DATASET EXTRACT: Begin

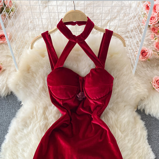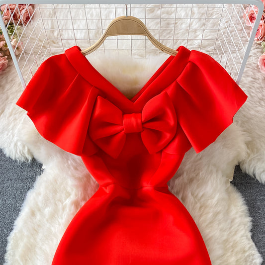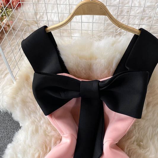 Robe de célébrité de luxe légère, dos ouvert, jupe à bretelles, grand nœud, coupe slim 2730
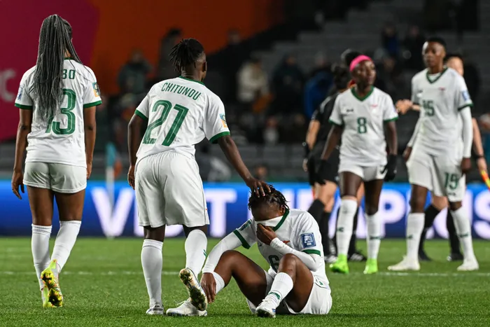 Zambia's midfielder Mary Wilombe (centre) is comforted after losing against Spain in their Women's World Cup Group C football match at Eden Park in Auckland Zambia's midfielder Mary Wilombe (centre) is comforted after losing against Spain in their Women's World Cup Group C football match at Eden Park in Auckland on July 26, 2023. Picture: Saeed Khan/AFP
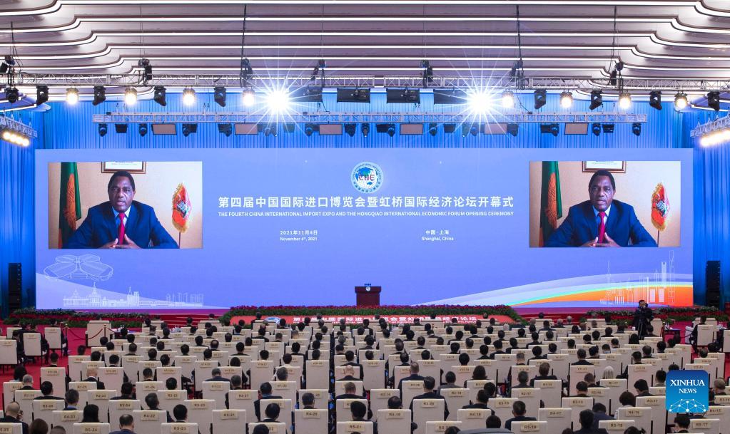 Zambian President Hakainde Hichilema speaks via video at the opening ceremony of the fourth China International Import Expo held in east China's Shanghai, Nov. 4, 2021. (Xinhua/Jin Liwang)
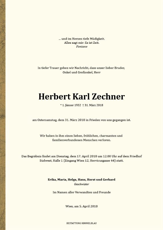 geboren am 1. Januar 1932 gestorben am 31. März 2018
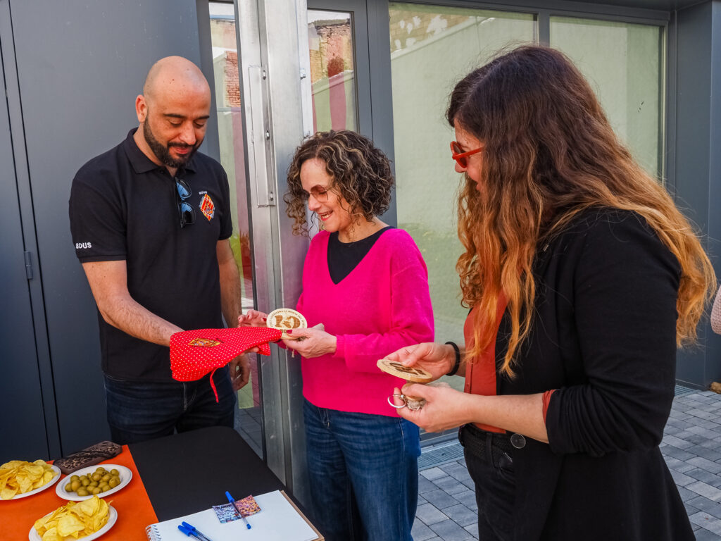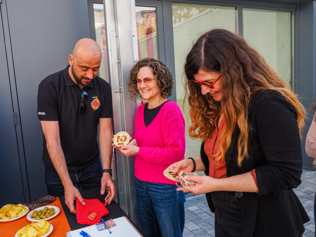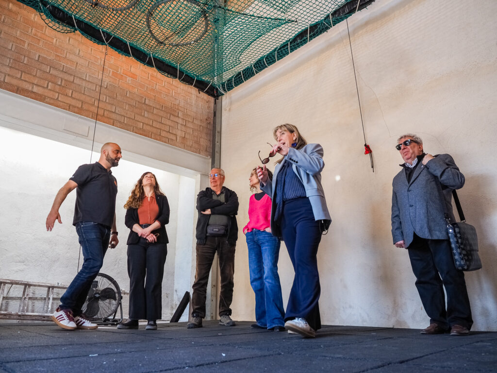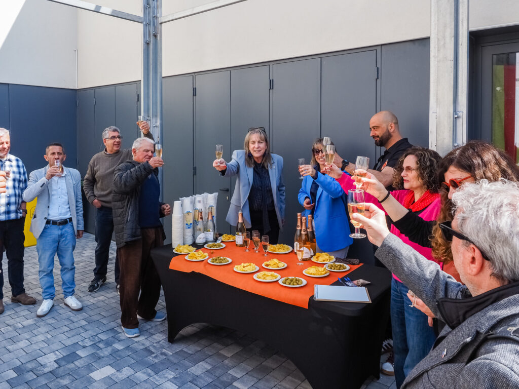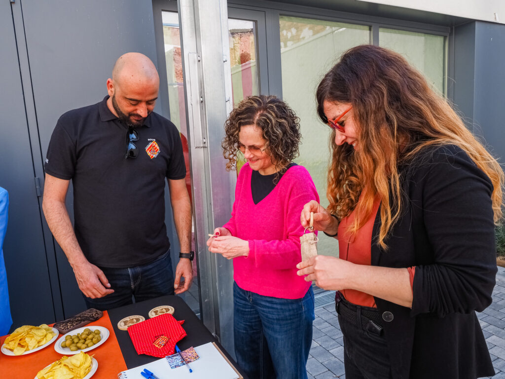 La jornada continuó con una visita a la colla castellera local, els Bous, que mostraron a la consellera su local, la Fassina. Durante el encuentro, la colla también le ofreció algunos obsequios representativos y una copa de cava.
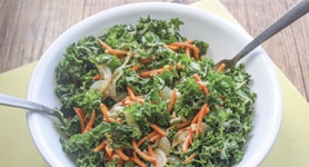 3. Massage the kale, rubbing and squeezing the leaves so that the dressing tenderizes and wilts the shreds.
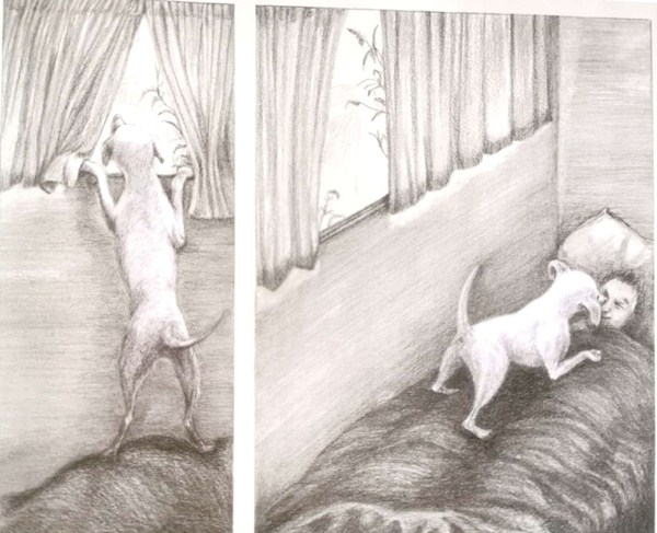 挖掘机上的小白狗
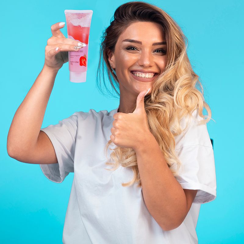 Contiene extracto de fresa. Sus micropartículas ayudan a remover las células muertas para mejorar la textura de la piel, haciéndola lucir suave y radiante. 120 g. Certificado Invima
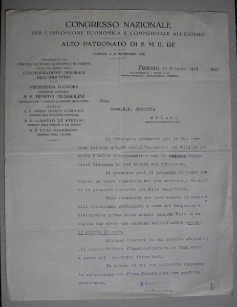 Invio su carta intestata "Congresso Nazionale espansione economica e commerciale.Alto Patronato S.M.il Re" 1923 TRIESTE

DATASET EXTRACT: End

WHAT YOU SHOULD DO →
Transcribe word for word only the lines from the one with "3. Massage the" through the end of the listing; every picture is to be omitted.

TASK OUTPUT →
 3. Massage the kale, rubbing and squeezing the leaves so that the dressing tenderizes and wilts the shreds.
 挖掘机上的小白狗
 Contiene extracto de fresa. Sus micropartículas ayudan a remover las células muertas para mejorar la textura de la piel, haciéndola lucir suave y radiante. 120 g. Certificado Invima
 Invio su carta intestata "Congresso Nazionale espansione economica e commerciale.Alto Patronato S.M.il Re" 1923 TRIESTE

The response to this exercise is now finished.